• Instructions to follow:
Could you give the entries again, exactly as written?
_ _ _
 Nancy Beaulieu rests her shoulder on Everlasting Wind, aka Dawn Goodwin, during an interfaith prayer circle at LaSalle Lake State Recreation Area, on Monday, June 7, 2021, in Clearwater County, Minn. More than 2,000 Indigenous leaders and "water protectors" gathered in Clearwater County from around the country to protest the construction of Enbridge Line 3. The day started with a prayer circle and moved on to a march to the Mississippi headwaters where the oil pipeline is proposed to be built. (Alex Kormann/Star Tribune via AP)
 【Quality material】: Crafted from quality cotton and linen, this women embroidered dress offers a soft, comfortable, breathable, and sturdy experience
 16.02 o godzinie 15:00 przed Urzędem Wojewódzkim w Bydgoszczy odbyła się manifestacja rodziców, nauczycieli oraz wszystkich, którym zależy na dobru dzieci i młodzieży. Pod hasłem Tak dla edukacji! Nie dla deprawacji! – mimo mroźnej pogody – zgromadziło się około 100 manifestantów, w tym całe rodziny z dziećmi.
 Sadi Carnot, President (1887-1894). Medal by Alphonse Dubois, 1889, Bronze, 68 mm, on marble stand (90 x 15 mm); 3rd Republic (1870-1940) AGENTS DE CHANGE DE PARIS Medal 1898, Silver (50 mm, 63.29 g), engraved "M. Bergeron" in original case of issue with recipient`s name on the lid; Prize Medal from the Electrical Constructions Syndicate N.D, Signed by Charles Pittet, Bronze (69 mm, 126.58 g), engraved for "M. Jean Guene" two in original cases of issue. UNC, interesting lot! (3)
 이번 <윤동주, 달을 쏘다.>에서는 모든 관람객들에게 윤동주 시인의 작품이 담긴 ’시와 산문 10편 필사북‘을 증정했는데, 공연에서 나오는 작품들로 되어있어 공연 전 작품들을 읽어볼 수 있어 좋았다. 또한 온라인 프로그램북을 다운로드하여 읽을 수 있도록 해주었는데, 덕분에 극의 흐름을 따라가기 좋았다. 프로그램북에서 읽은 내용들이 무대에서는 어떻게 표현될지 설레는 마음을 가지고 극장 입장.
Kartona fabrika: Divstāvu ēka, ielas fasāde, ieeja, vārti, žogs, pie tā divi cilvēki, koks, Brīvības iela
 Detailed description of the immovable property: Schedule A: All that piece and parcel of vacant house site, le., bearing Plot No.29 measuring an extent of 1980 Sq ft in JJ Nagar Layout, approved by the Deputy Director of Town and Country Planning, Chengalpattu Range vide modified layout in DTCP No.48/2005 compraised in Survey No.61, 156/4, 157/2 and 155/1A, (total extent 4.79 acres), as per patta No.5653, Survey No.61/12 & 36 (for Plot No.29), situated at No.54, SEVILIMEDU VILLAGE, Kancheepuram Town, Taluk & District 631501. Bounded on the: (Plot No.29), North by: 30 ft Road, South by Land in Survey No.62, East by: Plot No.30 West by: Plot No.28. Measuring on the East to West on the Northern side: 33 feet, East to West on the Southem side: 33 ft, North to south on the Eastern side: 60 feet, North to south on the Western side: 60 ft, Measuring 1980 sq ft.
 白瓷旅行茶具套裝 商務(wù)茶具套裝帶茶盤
_ _ _
• Exercise answer:
 Nancy Beaulieu rests her shoulder on Everlasting Wind, aka Dawn Goodwin, during an interfaith prayer circle at LaSalle Lake State Recreation Area, on Monday, June 7, 2021, in Clearwater County, Minn. More than 2,000 Indigenous leaders and "water protectors" gathered in Clearwater County from around the country to protest the construction of Enbridge Line 3. The day started with a prayer circle and moved on to a march to the Mississippi headwaters where the oil pipeline is proposed to be built. (Alex Kormann/Star Tribune via AP)
 【Quality material】: Crafted from quality cotton and linen, this women embroidered dress offers a soft, comfortable, breathable, and sturdy experience
 16.02 o godzinie 15:00 przed Urzędem Wojewódzkim w Bydgoszczy odbyła się manifestacja rodziców, nauczycieli oraz wszystkich, którym zależy na dobru dzieci i młodzieży. Pod hasłem Tak dla edukacji! Nie dla deprawacji! – mimo mroźnej pogody – zgromadziło się około 100 manifestantów, w tym całe rodziny z dziećmi.
 Sadi Carnot, President (1887-1894). Medal by Alphonse Dubois, 1889, Bronze, 68 mm, on marble stand (90 x 15 mm); 3rd Republic (1870-1940) AGENTS DE CHANGE DE PARIS Medal 1898, Silver (50 mm, 63.29 g), engraved "M. Bergeron" in original case of issue with recipient`s name on the lid; Prize Medal from the Electrical Constructions Syndicate N.D, Signed by Charles Pittet, Bronze (69 mm, 126.58 g), engraved for "M. Jean Guene" two in original cases of issue. UNC, interesting lot! (3)
 이번 <윤동주, 달을 쏘다.>에서는 모든 관람객들에게 윤동주 시인의 작품이 담긴 ’시와 산문 10편 필사북‘을 증정했는데, 공연에서 나오는 작품들로 되어있어 공연 전 작품들을 읽어볼 수 있어 좋았다. 또한 온라인 프로그램북을 다운로드하여 읽을 수 있도록 해주었는데, 덕분에 극의 흐름을 따라가기 좋았다. 프로그램북에서 읽은 내용들이 무대에서는 어떻게 표현될지 설레는 마음을 가지고 극장 입장.
Kartona fabrika: Divstāvu ēka, ielas fasāde, ieeja, vārti, žogs, pie tā divi cilvēki, koks, Brīvības iela
 Detailed description of the immovable property: Schedule A: All that piece and parcel of vacant house site, le., bearing Plot No.29 measuring an extent of 1980 Sq ft in JJ Nagar Layout, approved by the Deputy Director of Town and Country Planning, Chengalpattu Range vide modified layout in DTCP No.48/2005 compraised in Survey No.61, 156/4, 157/2 and 155/1A, (total extent 4.79 acres), as per patta No.5653, Survey No.61/12 & 36 (for Plot No.29), situated at No.54, SEVILIMEDU VILLAGE, Kancheepuram Town, Taluk & District 631501. Bounded on the: (Plot No.29), North by: 30 ft Road, South by Land in Survey No.62, East by: Plot No.30 West by: Plot No.28. Measuring on the East to West on the Northern side: 33 feet, East to West on the Southem side: 33 ft, North to south on the Eastern side: 60 feet, North to south on the Western side: 60 ft, Measuring 1980 sq ft.
 白瓷旅行茶具套裝 商務(wù)茶具套裝帶茶盤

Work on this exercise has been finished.